GIVEN RECORDS —

***

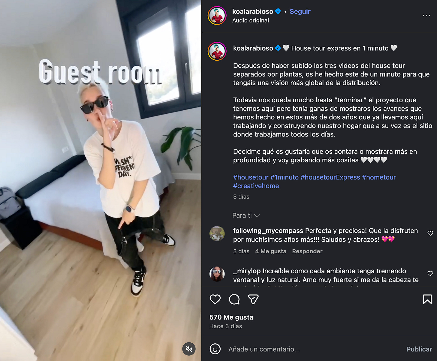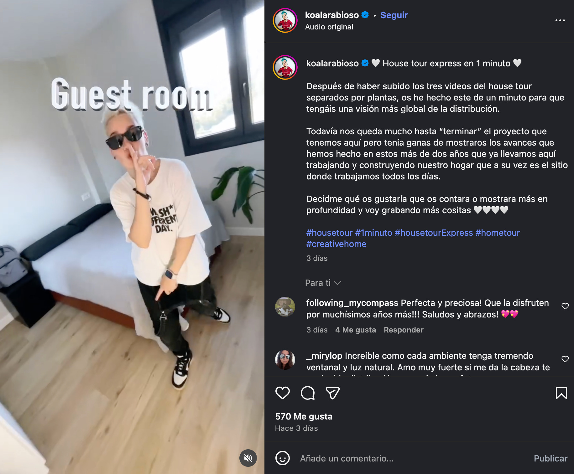 Trabajo el formato de vídeo corto que es lo que mejor funciona ahora mismo, además se agradece porque no da tantísimo trabajo como el formato largo de YouTube. Ahora mismo creo contenido enfocado en Instagram y que replico en TikTok.
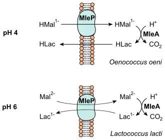Die bei der Decarboxylierung freigesetzte Energie wird in Form eines chemiosmotischen Mechanismus konserviert (vgl. Abbildung).[4] Bei O. oeni, der bei einem pH-Wert von etwa 4 wächst, wird einfach protoniertes Malat (HMal1−) durch einen membranständigen Carrier (MleP) in die Zelle gebracht.[1] Dieses wird zu Lactat decarboxyliert, welches bei pH 4 protoniert (HLac) vorliegt. Der Ausstrom aus der Zelle bei HLac erfolgt ohne Carrier. Lactococcus lactis wächst unter höheren pH-Werten und Malat (Mal2−) wird mit Lactat (Lac1−) durch einen Antiporter (MleP) ausgetauscht.
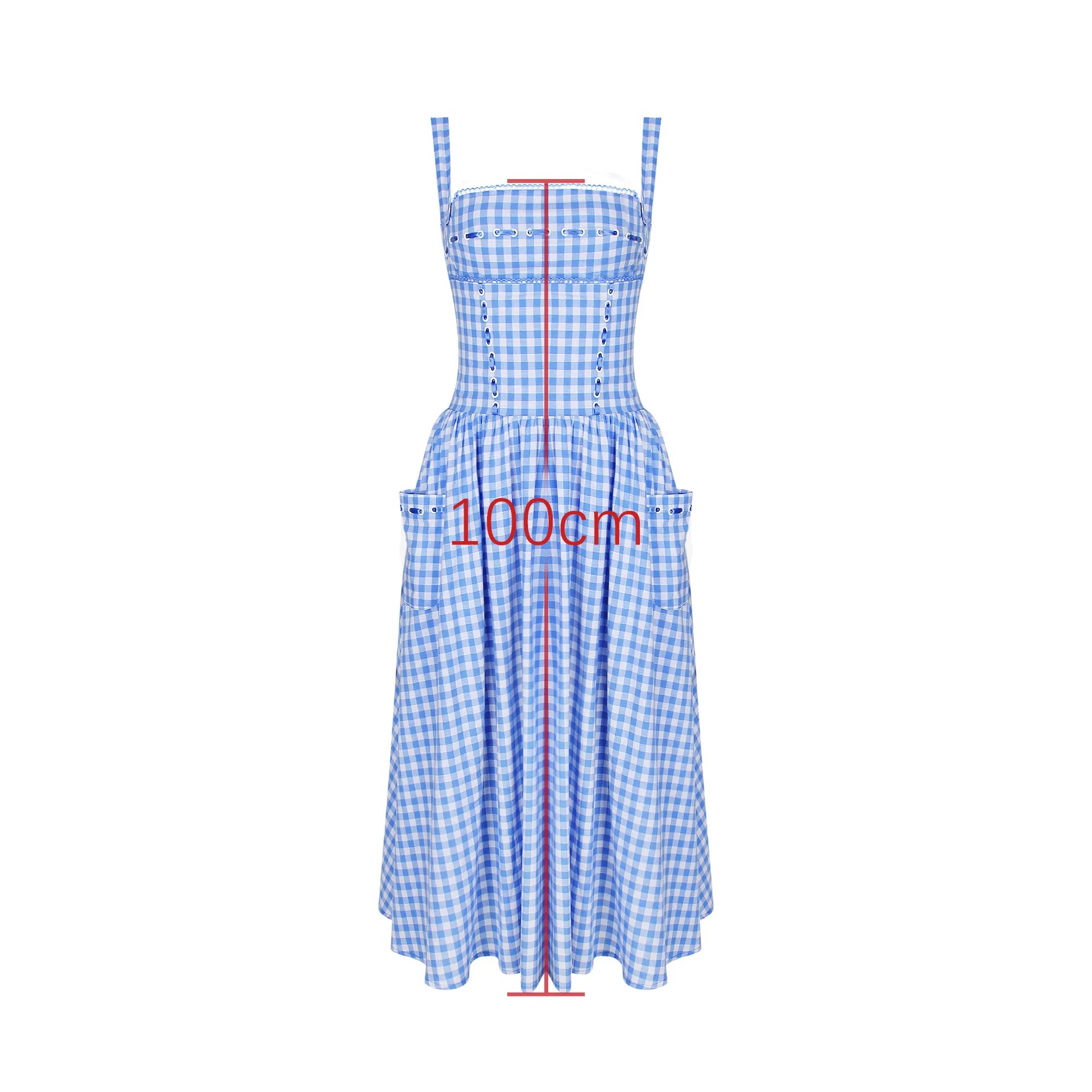 Summer Elegant and Beautiful Women Dresses 2024 Midi Blue and White Plaid Dress with Pocket Female Vacation Dress
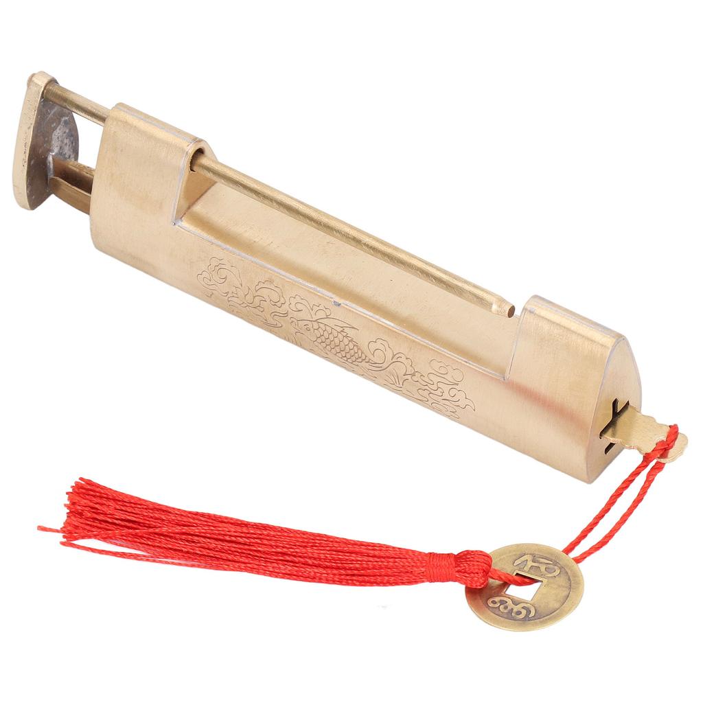 Brass Antique Padlock 8cm Spacing Delicate Chinese Old Style Jewelry Box Padlock with Key
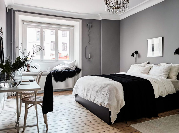 Otra opción es cubrir tu cama con ropa de cama de color blanco o clara y situar cojines negros encima de la cama o a la inversa como vemos en la foto anterior. Como tú prefieras. Así conseguirás tu habitación con decoración black and white.
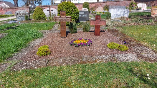 Auf einer kleinen gepflegten Kriegsgräberstätte bestehend aus zwei Kreuzen auf dem Möttlinger Friedhof sind drei Opfer des Zweiten Weltkriegs beigesetzt.
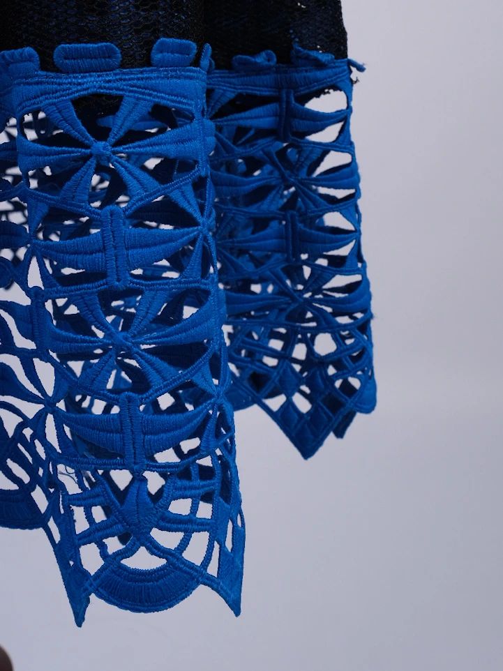 NEW Maje Blue Lace Dress XS Sleeveless Fitted Flared Skirt
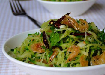 原料: 綠蘿卜、蝦皮、干紅辣椒、花椒、小蔥、香菜、香油。 做法: 1、蝦皮用清水沖洗干凈,然后在開水中浸泡8分鐘; 2、撈出瀝干水分后,入油鍋小火烘干至脆香,盛出晾涼; 3、蘿卜洗凈,切細(xì)絲; 4、用適量鹽拌勻蘿卜絲,腌制5分鐘; 5、紅椒切碎,小蔥和香菜切碎備用; 6、腌好的蘿卜絲擠去水分,添加香醋、白糖和味精拌勻; 7、香油入熱鍋,下入花椒小火炸香,剔除花椒,撒入干紅辣椒絲,馬上關(guān)火; 8、油和紅椒趁熱澆在蘿卜絲上,撒上蔥花和香菜碎拌勻; 9、撒上晾涼的蝦皮即可。 |
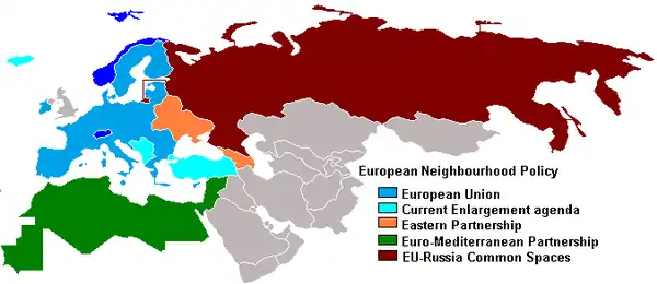 Libya is a member of the Southern Neighborhood, but has, unlike the other member states, no free trade agreement with the EU.[46] Libya is also not a member of the Union for the Mediterranean, but functions as an observer since 1999.[47] Prior to the 2011 Libyan civil war, the EU and Libya were negotiating a cooperation agreement which has now been frozen.[48] The EU worked to apply sanctions over the Libyan conflict, provide aid and some members participated in military action.[49] Since 2016, the EU has been working closely with the Libyan Coast Guard to regulate flight routes across the Mediterranean towards the EUs external border. Human rights organizations accuse the parties involved in this cooperation of serious crimes, including crimes against humanity.[50][51] Since 2016 the EU Global Strategy puts a special focus on the North African countries, of which Libya is often seen playing an important role for prosperity and security in the Mediterranean region.[52][53] In 2020 the EU was Libya's most important trade partner.[46] |
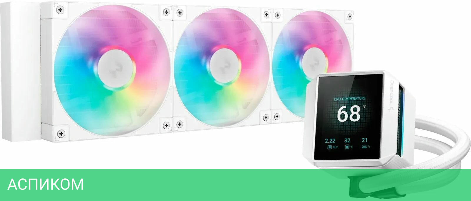 белый / жидкостное охлаждение / 12.0 / для процессора / 40.2 / да / AM4; LGA1200; LGA1151; LGA1150; LGA1155; LGA1700; AM5; LGA1851 / 2400.0 / нет / жидкостное / 38.71 / алюминий / 120 / гидродинамический (FDB) / да / 2.7
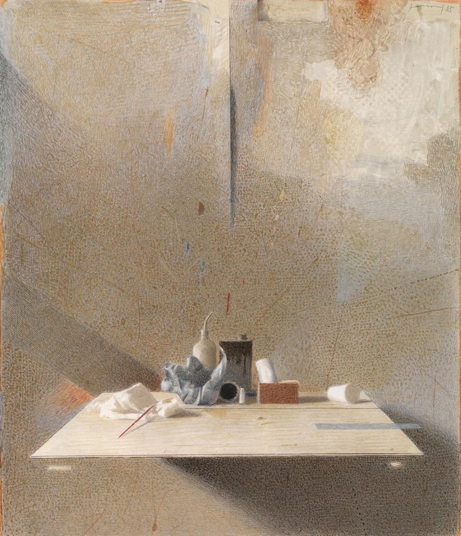 Gianfranco Ferroni (Livorno 1927 - 2001) NATURA MORTA CON CARTOCCIO AZZURRO olio su cartone, cm 35x29,5 firmato e datato eseguito nel 1985
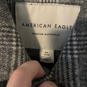 American Eagle Outfitters Men's Black and White Checkered Trench Coat
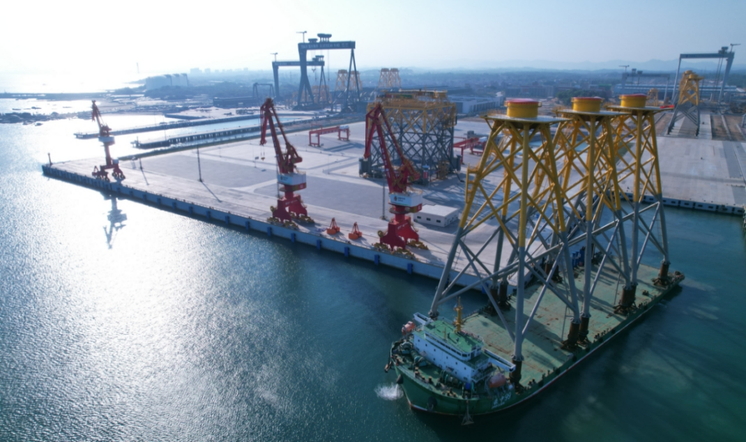 5月14日,由揭阳市惠来县临港产业园内入驻企业制造的海上风电导管架,通过米兰体育(中国区)体育官方网站集团广东公司前詹通用码头完成发运。这是该码头自今年2月28日开港运营以来承接的首批装备。

***

Retype all of the material above exactly; the pictures stay out.

 Trabajo el formato de vídeo corto que es lo que mejor funciona ahora mismo, además se agradece porque no da tantísimo trabajo como el formato largo de YouTube. Ahora mismo creo contenido enfocado en Instagram y que replico en TikTok.
Die bei der Decarboxylierung freigesetzte Energie wird in Form eines chemiosmotischen Mechanismus konserviert (vgl. Abbildung).[4] Bei O. oeni, der bei einem pH-Wert von etwa 4 wächst, wird einfach protoniertes Malat (HMal1−) durch einen membranständigen Carrier (MleP) in die Zelle gebracht.[1] Dieses wird zu Lactat decarboxyliert, welches bei pH 4 protoniert (HLac) vorliegt. Der Ausstrom aus der Zelle bei HLac erfolgt ohne Carrier. Lactococcus lactis wächst unter höheren pH-Werten und Malat (Mal2−) wird mit Lactat (Lac1−) durch einen Antiporter (MleP) ausgetauscht.
 Summer Elegant and Beautiful Women Dresses 2024 Midi Blue and White Plaid Dress with Pocket Female Vacation Dress
 Brass Antique Padlock 8cm Spacing Delicate Chinese Old Style Jewelry Box Padlock with Key
 Otra opción es cubrir tu cama con ropa de cama de color blanco o clara y situar cojines negros encima de la cama o a la inversa como vemos en la foto anterior. Como tú prefieras. Así conseguirás tu habitación con decoración black and white.
 Auf einer kleinen gepflegten Kriegsgräberstätte bestehend aus zwei Kreuzen auf dem Möttlinger Friedhof sind drei Opfer des Zweiten Weltkriegs beigesetzt.
 NEW Maje Blue Lace Dress XS Sleeveless Fitted Flared Skirt
 原料: 綠蘿卜、蝦皮、干紅辣椒、花椒、小蔥、香菜、香油。 做法: 1、蝦皮用清水沖洗干凈,然后在開水中浸泡8分鐘; 2、撈出瀝干水分后,入油鍋小火烘干至脆香,盛出晾涼; 3、蘿卜洗凈,切細(xì)絲; 4、用適量鹽拌勻蘿卜絲,腌制5分鐘; 5、紅椒切碎,小蔥和香菜切碎備用; 6、腌好的蘿卜絲擠去水分,添加香醋、白糖和味精拌勻; 7、香油入熱鍋,下入花椒小火炸香,剔除花椒,撒入干紅辣椒絲,馬上關(guān)火; 8、油和紅椒趁熱澆在蘿卜絲上,撒上蔥花和香菜碎拌勻; 9、撒上晾涼的蝦皮即可。 |
 Libya is a member of the Southern Neighborhood, but has, unlike the other member states, no free trade agreement with the EU.[46] Libya is also not a member of the Union for the Mediterranean, but functions as an observer since 1999.[47] Prior to the 2011 Libyan civil war, the EU and Libya were negotiating a cooperation agreement which has now been frozen.[48] The EU worked to apply sanctions over the Libyan conflict, provide aid and some members participated in military action.[49] Since 2016, the EU has been working closely with the Libyan Coast Guard to regulate flight routes across the Mediterranean towards the EUs external border. Human rights organizations accuse the parties involved in this cooperation of serious crimes, including crimes against humanity.[50][51] Since 2016 the EU Global Strategy puts a special focus on the North African countries, of which Libya is often seen playing an important role for prosperity and security in the Mediterranean region.[52][53] In 2020 the EU was Libya's most important trade partner.[46] |
 белый / жидкостное охлаждение / 12.0 / для процессора / 40.2 / да / AM4; LGA1200; LGA1151; LGA1150; LGA1155; LGA1700; AM5; LGA1851 / 2400.0 / нет / жидкостное / 38.71 / алюминий / 120 / гидродинамический (FDB) / да / 2.7
 Gianfranco Ferroni (Livorno 1927 - 2001) NATURA MORTA CON CARTOCCIO AZZURRO olio su cartone, cm 35x29,5 firmato e datato eseguito nel 1985
 American Eagle Outfitters Men's Black and White Checkered Trench Coat
 5月14日,由揭阳市惠来县临港产业园内入驻企业制造的海上风电导管架,通过米兰体育(中国区)体育官方网站集团广东公司前詹通用码头完成发运。这是该码头自今年2月28日开港运营以来承接的首批装备。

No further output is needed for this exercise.